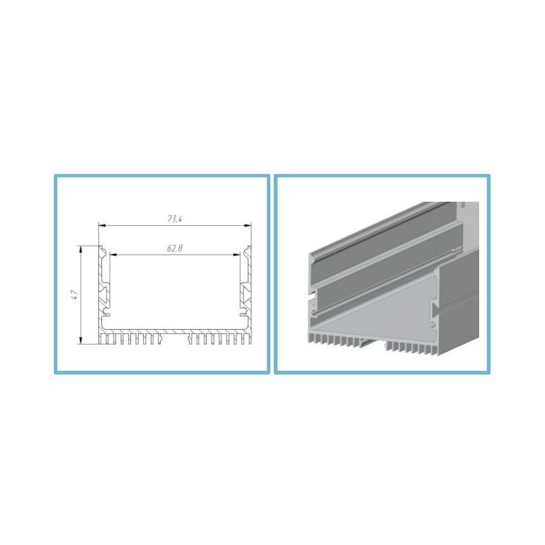 The aluminum profile LS70 is intended for suspended or surface mounting and is ideal for high-quality general or accent lighting of spaces.
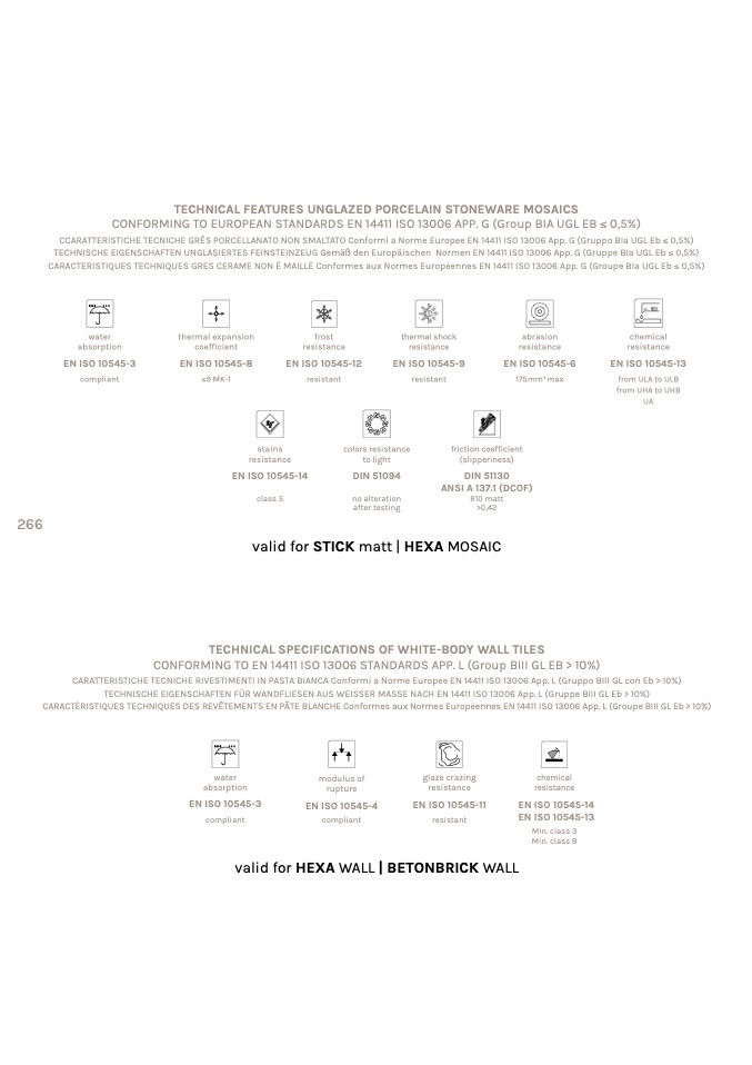 CONFORMING TO EUROPEAN STANDARDS EN 14411 ISO 13006 APP. G (Group BIA UGL EB ≤ 0,5%)
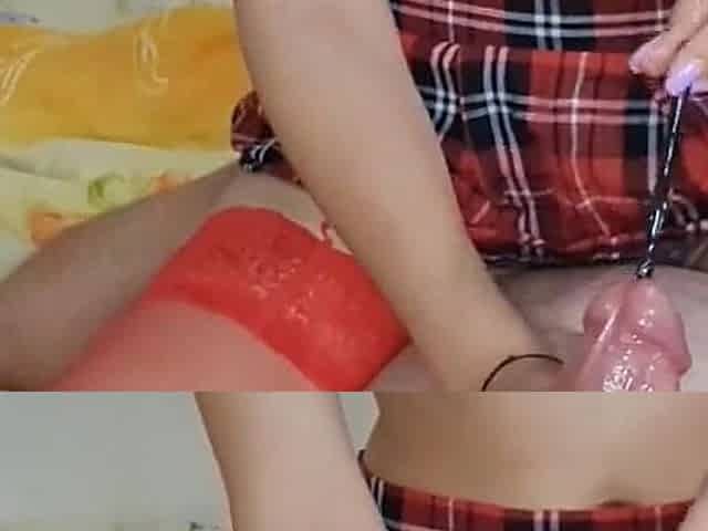 Sexy Step Sister Femdom Urethral Sounding Step Brother's Cock with Huge 12 Inch Dilator
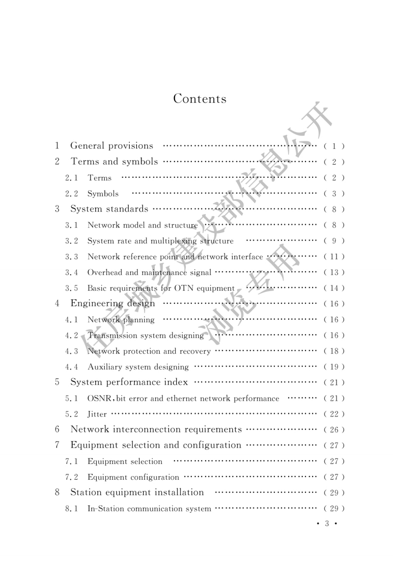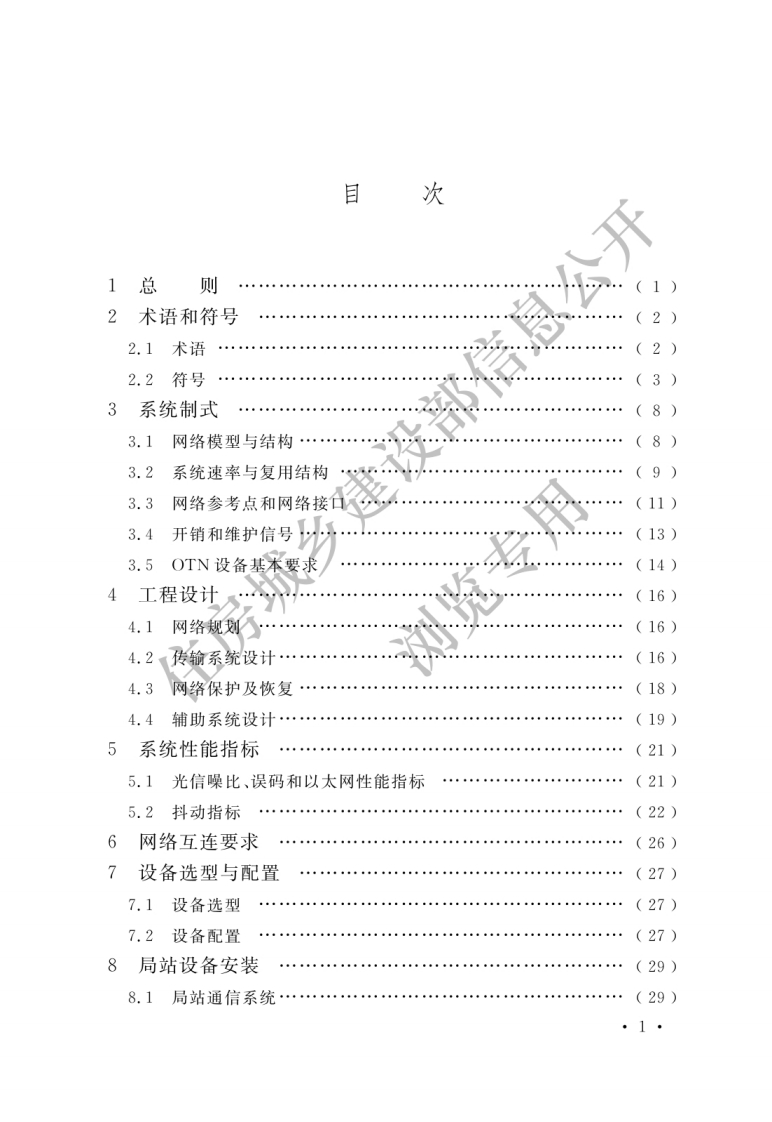 前言本标准是根据住房和城乡建设部《关于印发2015年江程建设标准规范制订、修订计划的通知》(建标〔2014)189号)的要求,由中讯邮电咨询设计院有限公司会同有关单位共同编制完成的。本标准在中华人民共和国通信行业标准《光传送网(OTN)工程设计暂行规定》YD5208一2014和光传送网(OTN)工程验收暂行规定》YD5209一2014的基础上,编制组进行了广泛的调查研究,认真总结实践经验,并在文泛征求意见的基础上,最后经审查定稿。本标准的主要技术内容是:总则、术语和符号、系统制式、工程设计、系统性能指标、网络互连要求、设备选型与配置、局站设备安装、维护工具及仪表配置、性能测试及功能检查、工程验收等。本标准由住房和城乡建设部负责管理,中讯邮电咨询设计院有限公司负责具体技术内容的解释。本标准在执行过程中,如有需要修改和补充之处,请将意见和相关资料寄送中讯邮电咨询设计院有限公司(地址:北京市首体南路9号主语商务中心3号楼,邮政编码:100048)。本标准主编单位:中讯邮电咨询设计院有限公司华信咨询设计研究院有限公司本标准参编单位:中国移动通信集团设计院有限公司上海邮电设计咨询研究院有限公司中国通信建设集团有限公司本标准主要起草人员:陈文雄武清华刘刚张传熙沈梁倪玮习建华张纬卿李书森王亦炜1
***
How to complete this task =
Keep pictures out and return the lines from the one containing "Sexy Step Sister" through the end of the listing, both included, character for character.

Exercise response =
 Sexy Step Sister Femdom Urethral Sounding Step Brother's Cock with Huge 12 Inch Dilator
 前言本标准是根据住房和城乡建设部《关于印发2015年江程建设标准规范制订、修订计划的通知》(建标〔2014)189号)的要求,由中讯邮电咨询设计院有限公司会同有关单位共同编制完成的。本标准在中华人民共和国通信行业标准《光传送网(OTN)工程设计暂行规定》YD5208一2014和光传送网(OTN)工程验收暂行规定》YD5209一2014的基础上,编制组进行了广泛的调查研究,认真总结实践经验,并在文泛征求意见的基础上,最后经审查定稿。本标准的主要技术内容是:总则、术语和符号、系统制式、工程设计、系统性能指标、网络互连要求、设备选型与配置、局站设备安装、维护工具及仪表配置、性能测试及功能检查、工程验收等。本标准由住房和城乡建设部负责管理,中讯邮电咨询设计院有限公司负责具体技术内容的解释。本标准在执行过程中,如有需要修改和补充之处,请将意见和相关资料寄送中讯邮电咨询设计院有限公司(地址:北京市首体南路9号主语商务中心3号楼,邮政编码:100048)。本标准主编单位:中讯邮电咨询设计院有限公司华信咨询设计研究院有限公司本标准参编单位:中国移动通信集团设计院有限公司上海邮电设计咨询研究院有限公司中国通信建设集团有限公司本标准主要起草人员:陈文雄武清华刘刚张传熙沈梁倪玮习建华张纬卿李书森王亦炜1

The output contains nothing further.